Two big Stephen King books — big both in reputation, and in page count — have long been in development at Warner Bros. One is The Stand, which after cycling through a few different filmmakers has Josh Boone (The Fault in Our Stars) set to write and direct. The other is It, and we haven't heard much about that in the past couple years. In 2012 Cary Fukunaga was set to adapt and direct, before he broke into the mainstream with True Detective. Fukunaga seems to be still attached, but now the film is moving from Warner Bros. to the WB holding New Line.

While the label shift may not seem like a big deal, New Line is going to be more explicitly focused on horror moving forward. This raises hopes that we'll get an R-rated version of It.

THR reports the project moving to New Line, a company which early on was associated with horror thanks to the Nightmare on Elm St. films. The It adaptation is still planned as a two-film deal, produced by Roy Lee,Dan LinSeth Grahame-Smith and David Katzenberg. One film will likely focus on the characters as children, the other on them as adults. But will those kids all have sex with one another at the end of their film, in order to keep their sanity? Good question.

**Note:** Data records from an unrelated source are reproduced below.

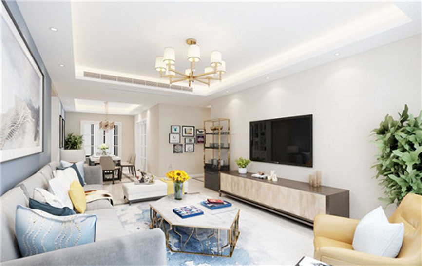 2. 電視背景墻的燈光運用也是需要特別注意的,可以通過多個角度的照明運用,來進行空間的布局安排,當然天花照明也是需要考慮好的。盡量使用接近自然光的燈具,燈光應當協調,這樣客廳裝飾效果更具加自然溫馨,而且對用戶的眼部有一定的保護作用。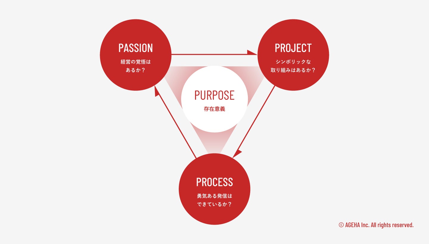 世界中の企業に求められるサステナビリティ経営は、自社だけでは実現できず、お客様・サプライヤー・従業員・求職者・投資家など、すべてのステーホルダーとの「共創」による価値創出が欠かせません。現在多くの企業が掲げるようになった「パーパス(存在意義)」ですが、共創を実現するためには、パーパスに沿った3つのP(パッション、プロジェクト、プロセス)を意識した行動により、「共感」を生むことが重要です。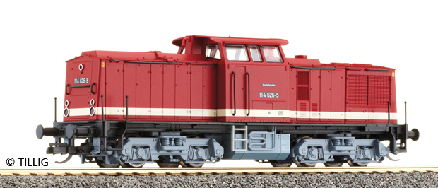 Dieselová lokomotiva BR 114 drah DR, osvětlení přepíná dle jízdy, příprava na digitál.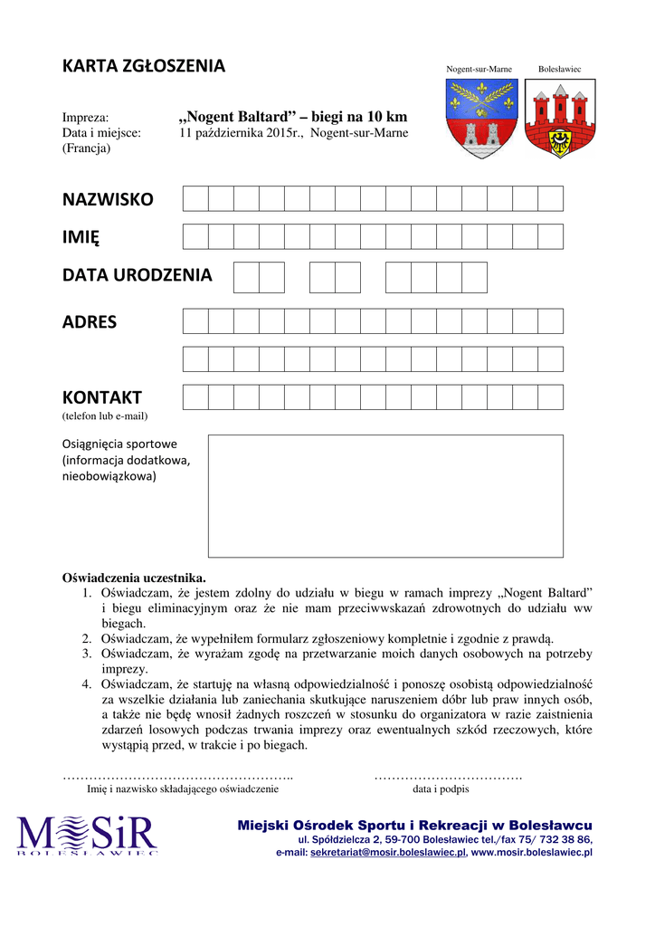KARTA ZGŁOSZENIA Impreza: Data i miejsce: (Francja) Nogent-sur-Marne Bolesławiec „Nogent Baltard” – biegi na 10 km 11 października 2015r., Nogent-sur-Marne NAZWISKO IMIĘ DATA URODZENIA ADRES KONTAKT (telefon lub e-mail) Osiągnięcia sportowe (informacja dodatkowa, nieobowiązkowa) Oświadczenia uczestnika. 1. Oświadczam, że jestem zdolny do udziału w biegu w ramach imprezy „Nogent Baltard” i biegu eliminacyjnym oraz że nie mam przeciwwskazań zdrowotnych do udziału ww biegach. 2. Oświadczam, że wypełniłem formularz zgłoszeniowy kompletnie i zgodnie z prawdą. 3. Oświadczam, że wyrażam zgodę na przetwarzanie moich danych osobowych na potrzeby imprezy. 4. Oświadczam, że startuję na własną odpowiedzialność i ponoszę osobistą odpowiedzialność za wszelkie działania lub zaniechania skutkujące naruszeniem dóbr lub praw innych osób, a także nie będę wnosił żadnych roszczeń w stosunku do organizatora w razie zaistnienia zdarzeń losowych podczas trwania imprezy oraz ewentualnych szkód rzeczowych, które wystąpią przed, w trakcie i po biegach. …………………………………………….. Imię i nazwisko składającego oświadczenie ……………………………. data i podpis Miejski Ośrodek Sportu i Rekreacji w Bolesławcu ul. Spółdzielcza 2, 59-700 Bolesławiec tel./fax 75/ 732 38 86, e-mail: [email protected], www.mosir.boleslawiec.pl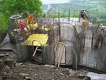 The in-hill (also termed "earth covered",[2] or "elevational")[4] construction is where the earth shelter is set into a slope or hillside, and earth covers the roof in addition to the walls.[2] The most practical application is using a hill facing towards the equator (south in the Northern Hemisphere and north in the Southern Hemisphere), towards the aphelion (north) in the Tropics, or east just outside the Tropics. There is only one exposed wall in this type of earth sheltering, the wall facing out of the hill, all other walls are embedded within the earth/hill. This is the most popular and energy efficient form of earth shelter in cold and temperate climates.[5][14]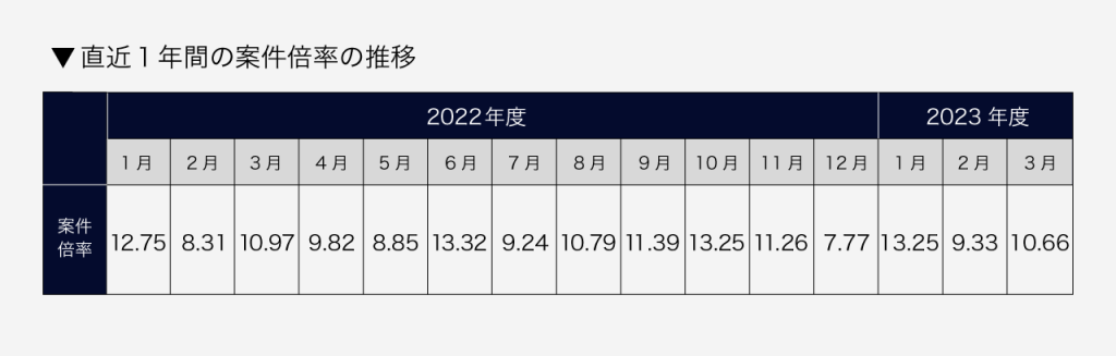 2023年1月から3月の案件倍率は、1月:13.25倍、2月:9.33倍、3月:10.66倍と高水準で推移し、四半期累計では10.83倍となりました。これにより、IT人材の確保は依然として困難な状況が続いています。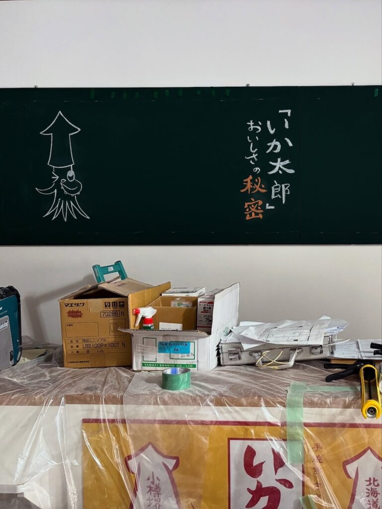 小樽の「いか太郎本舗」様の店舗リニューアルに伴い、店内の黒板描画を担当しました。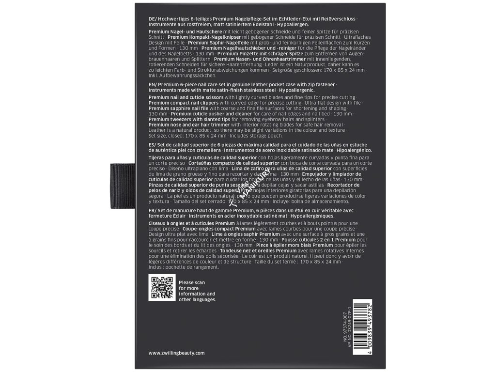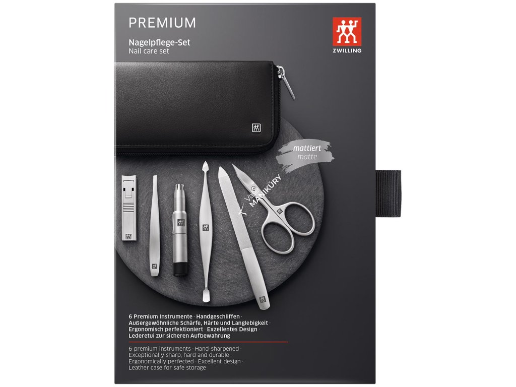 Luxusná pánska 6-dielna sada na manikúru a pedikúru prémiovej kvality z kolekcie PREMIUM TWINOX® od nemeckej značky ZWILLING Beauty obsahuje najdôležitejšie nástroje pre kompletnú starostlivosť o nechty. Súčasťou sady je aj nástroj na presné a bezpečné odstraňovanie chĺpkov z nosa a uší. Táto manikúrna sada v elegantnej čiernej farbe je skvelou voľbou pre každého, kto si potrpí na pohodlie, štýl a špičkovú kvalitu v starostlivosti o nechty.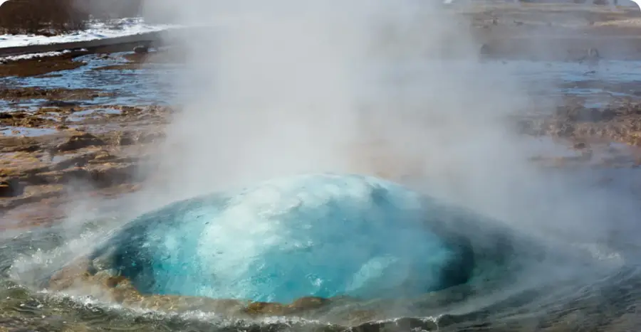 공원을 둘러본 후에는 유명한 게이시르 온천 지역으로 이동하게 됩니다. 거기에서 때때로 40미터 높이까지 솟아오르는 물로 유명한 게이시르를 둘러싸고 있는 거품이 이는 온천 사이를 걸을 수 있습니다.
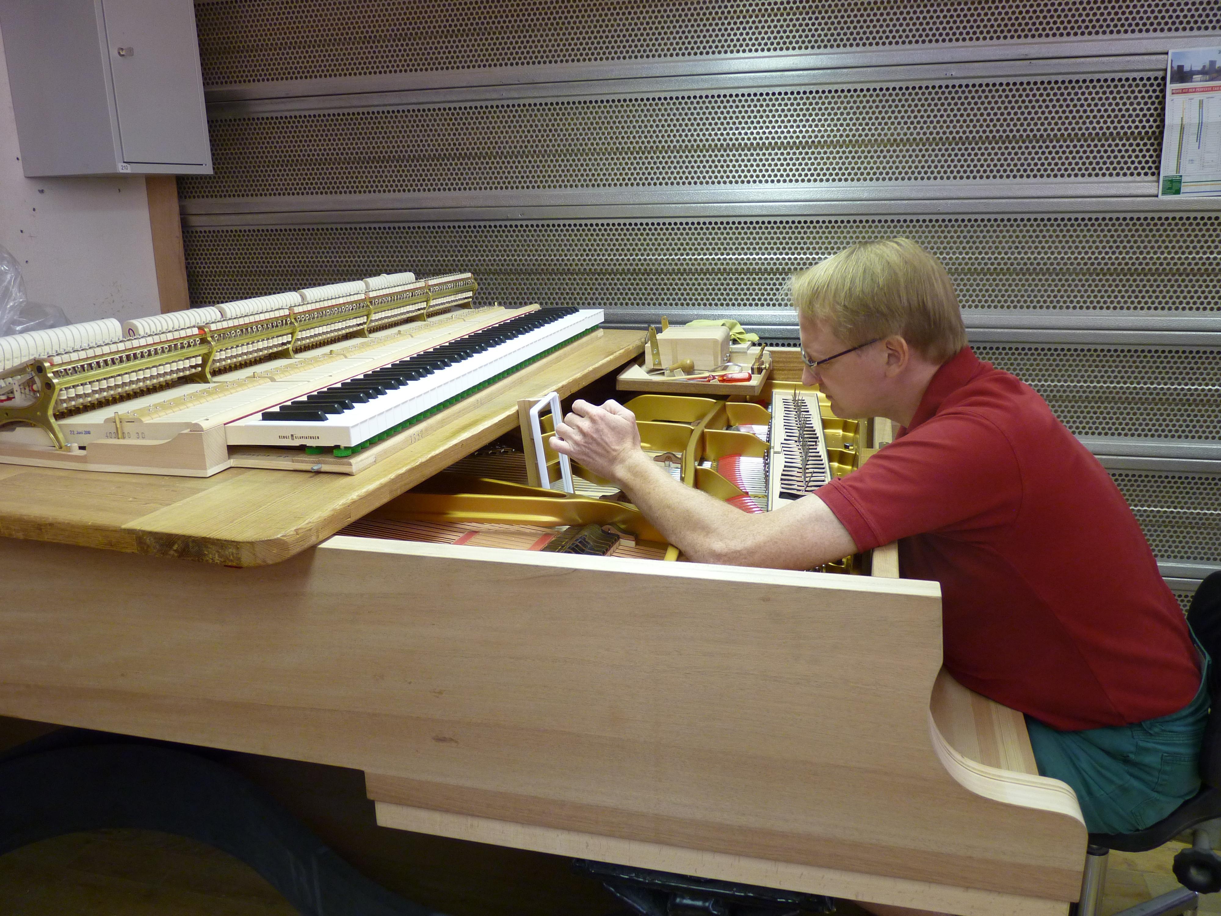 在施坦威工廠,除了讓人嘆為觀止的制琴工藝之外,每一位制琴師專注的神情和一絲不茍的工作態(tài)度也給參觀者留下了深刻的印象。生產(chǎn)鋼琴是一項操作復(fù)雜、漫長刻苦的過程,但制琴師從未流露出絲毫的懈怠,而是全身心投入到每一道工序之中,并對每一個細節(jié)孜孜以求。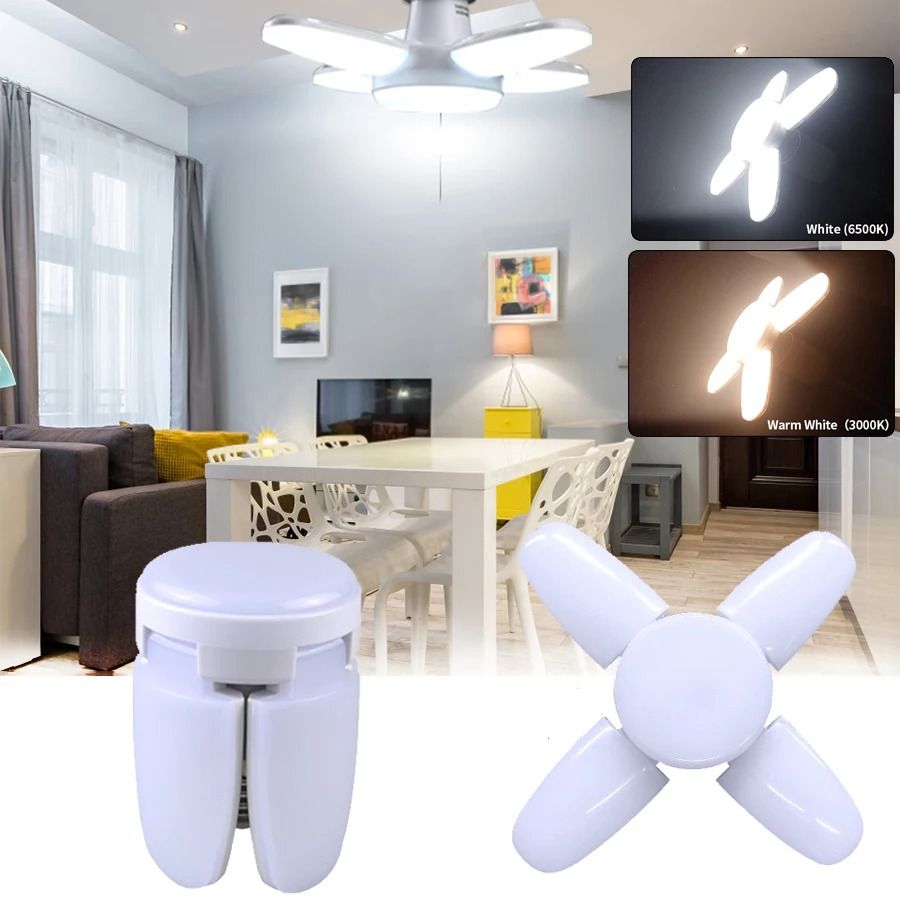 E27 Fan Shape LED Lamp Foldable 28W Light Bulb 85v 265v White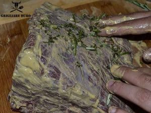 - Preriscaldare il Barbecue a 220 ° e sparare sulla griglia il pezzo di carne posizionandolo lontano dalla fonte di calore (cottura indiretta), per aggiungere un pizzico di sentore di affumicatura possiamo mettere un rametto di rosmarino sulla carbonella.

But the trade also reports that this shift is part of a strategy to have horror pictures at New Line (such as the Conjuring spin-off Annabelle and the proper Conjuring sequel). While The Stand will probably be a PG-13 film (or films) intended to capture the widest possible audience, moving the It films to New Line reads as a statement of purpose.

The shift says this won't be a re-do of the old TV miniseries, but a set of legit horror films. And that suggests an R-rating, which should make King fans happy. The book gets pretty nasty, and while the "kids having sex" bit might not make the cut, a lot of the other gruesome stuff very well could.